My world is currently scarlet. Wednesday went on for weeks and after returning home from introducing twenty-five sleepy sophomores to the frantic passion of Van Gogh, I slid into the sofa by Nellie and turned on Turner Classic Movies just in time to see Scarlett O’Hara enter Ashley’s birthday party in one of the most fabulous scarlet gowns ever created. Thursday, after training for hours and attending on-site meetings, I escaped into PBS-ville, binging the entire fourth season of “Miss Scarlett and the Duke.” And just last night, I dressed in my most scarlet professor ensemble and attended the world premier of “The Scarlet Letter,” lavishly re-imagined for the stage by Kate Hamill.

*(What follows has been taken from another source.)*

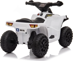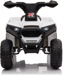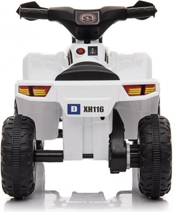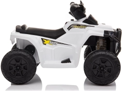 Táto štýlová detská elektrická štvorkolka poteší moderným vzhľadom a praktickým spracovaním. Široké kolesá s výrazným dezénom pomáhajú držať stabilitu na rôznych povrchoch a ľahko uchopiteľné riadidlá podporujú rozvoj jemnej aj hrubej motoriky.

Early this morning, I sunk deep into my reading chair, banana scone and coffee in hand, and gobbled each page of “Art of the Grimoire, An Illustrated History of Magic Books and Spells.”   I journeyed through Mesopotamian clay tablets, ancient Egyptian parchments, Arabic images of “the Red King,” Islamic magical angels, and suddenly there he was…. The mystical and magical Doctor Faustus, swirling in a scarlet robe that would make even Ms. O’Hara jealous.

Owen Davies writes, “Thanks to demonologists and witch-trial pamphlets, we know a great deal about the identities of popular magicians, who serviced the many fears and concerns of common people – and, more to the point, how they used print and manuscript grimoire to help their clients.” Yet, with the power of print, authors were also able to create a new generation of legendary magicians, who joined the pantheon of King Solomon, Honorius and the “Red King.”

Foremost among these new spellcasters was the notorious Dr. Faustus. The earliest description (to date) of the historical doctor appears in a letter written by abbot and occult philosopher, Johannes Trithemius (1462-1516). According to Trithemius, the real Dr. Faustus was a boastful traveling showman who called himself the “prince of necromancers.”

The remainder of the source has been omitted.